Description of the task
Please return the full listing word for word, leaving out any pictures.

Recorded information
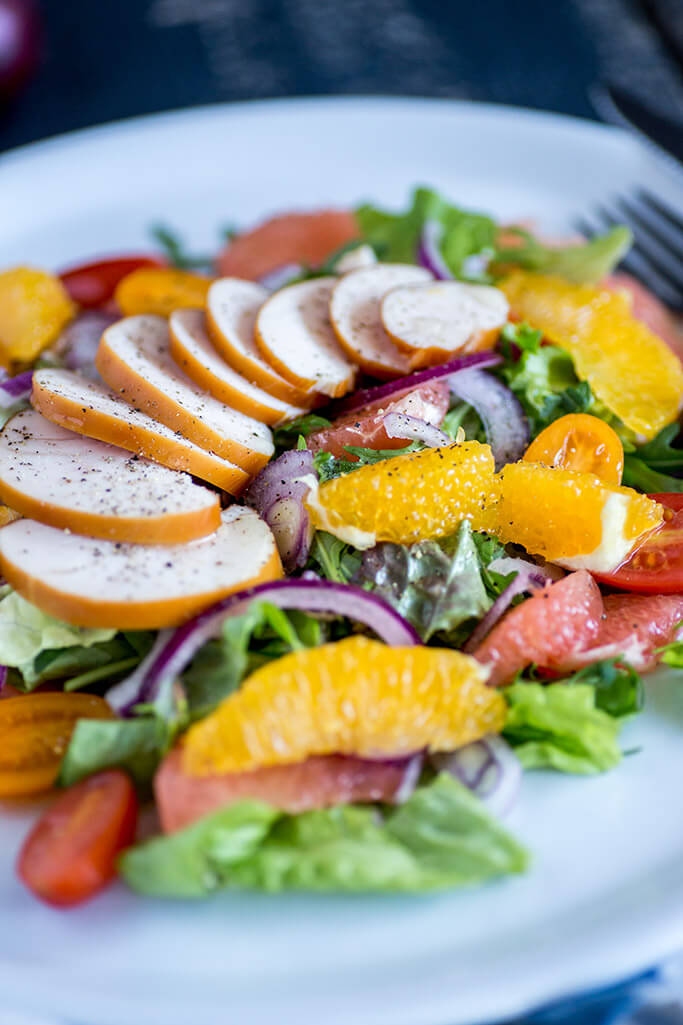 Citrussalade met gerookte kip
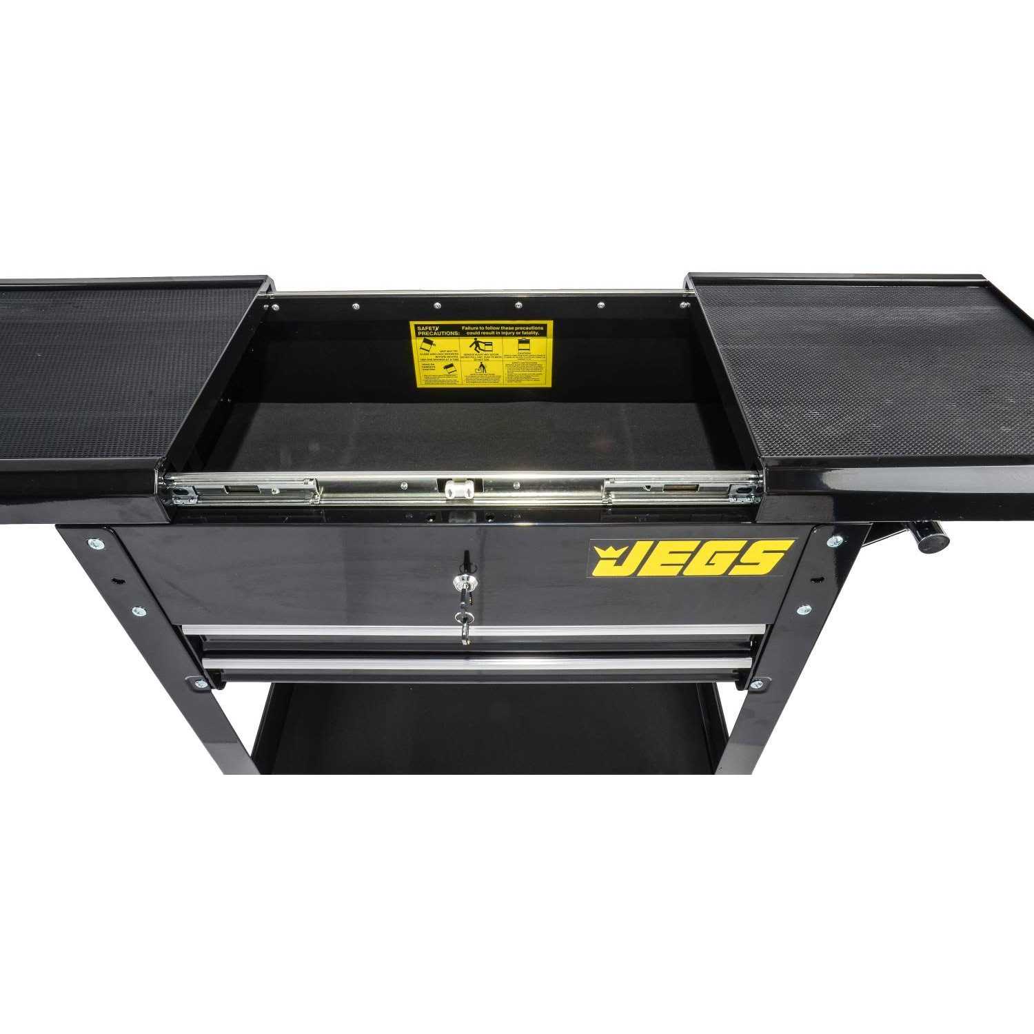 L x 15.2 in. W x 38 in. Total Capacity Black w/ JEGS Logo Includes: (2) Keys (6) Drawer Liners Dimensions: 27.2 in. long x 15.2 in. wide x 38 in. high Unique work bench top is made up of two sliding trays that lock tight for complete security and then pull apart for top compartment access Locking drawers are equipped with ball bearing slides and full-length pulls Bottom tray has a raised lip edge to prevent the loss of any cargo 4 inch caster wheels, (2) swivel with locks JEGS Heavy-Duty Tool Box Cart has a unique work bench top made up of two sliding trays that lock tight for complete security and then pull apart for top compartment access. The locking drawers are equipped with ball bearing slides and full-length pulls, while the bottom tray has a raised lip edge to prevent the loss of any cargo. The trays, compartment, and drawers are all lined to prevent your tools and equipment from damage. Keep your tools handy in this multi-functional tool cart that comes complete with a tubular handle and 4-inch caster wheels for smooth mobility. Dimensions: (2) Top Trays: 12 in. L x 13 3/4 in. W Top Compartment: 27 1/4 in. L x 14 in. W x 6 5/8 in. D (2) Drawers: 22 in. L x 12 1/2 in. W x 1 7/8 in. D Bottom Shelf: 27 1/2 in. L x 14 in. W x 3 1/4 in. D Handle: 15 in. L x 1 in. Dia.
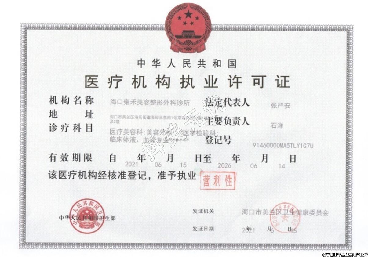 發(fā)證機(jī)關(guān):海口市美蘭區(qū)衛(wèi)生健康委員會

Solution to this problem
 Citrussalade met gerookte kip
 L x 15.2 in. W x 38 in. Total Capacity Black w/ JEGS Logo Includes: (2) Keys (6) Drawer Liners Dimensions: 27.2 in. long x 15.2 in. wide x 38 in. high Unique work bench top is made up of two sliding trays that lock tight for complete security and then pull apart for top compartment access Locking drawers are equipped with ball bearing slides and full-length pulls Bottom tray has a raised lip edge to prevent the loss of any cargo 4 inch caster wheels, (2) swivel with locks JEGS Heavy-Duty Tool Box Cart has a unique work bench top made up of two sliding trays that lock tight for complete security and then pull apart for top compartment access. The locking drawers are equipped with ball bearing slides and full-length pulls, while the bottom tray has a raised lip edge to prevent the loss of any cargo. The trays, compartment, and drawers are all lined to prevent your tools and equipment from damage. Keep your tools handy in this multi-functional tool cart that comes complete with a tubular handle and 4-inch caster wheels for smooth mobility. Dimensions: (2) Top Trays: 12 in. L x 13 3/4 in. W Top Compartment: 27 1/4 in. L x 14 in. W x 6 5/8 in. D (2) Drawers: 22 in. L x 12 1/2 in. W x 1 7/8 in. D Bottom Shelf: 27 1/2 in. L x 14 in. W x 3 1/4 in. D Handle: 15 in. L x 1 in. Dia.
 發(fā)證機(jī)關(guān):海口市美蘭區(qū)衛(wèi)生健康委員會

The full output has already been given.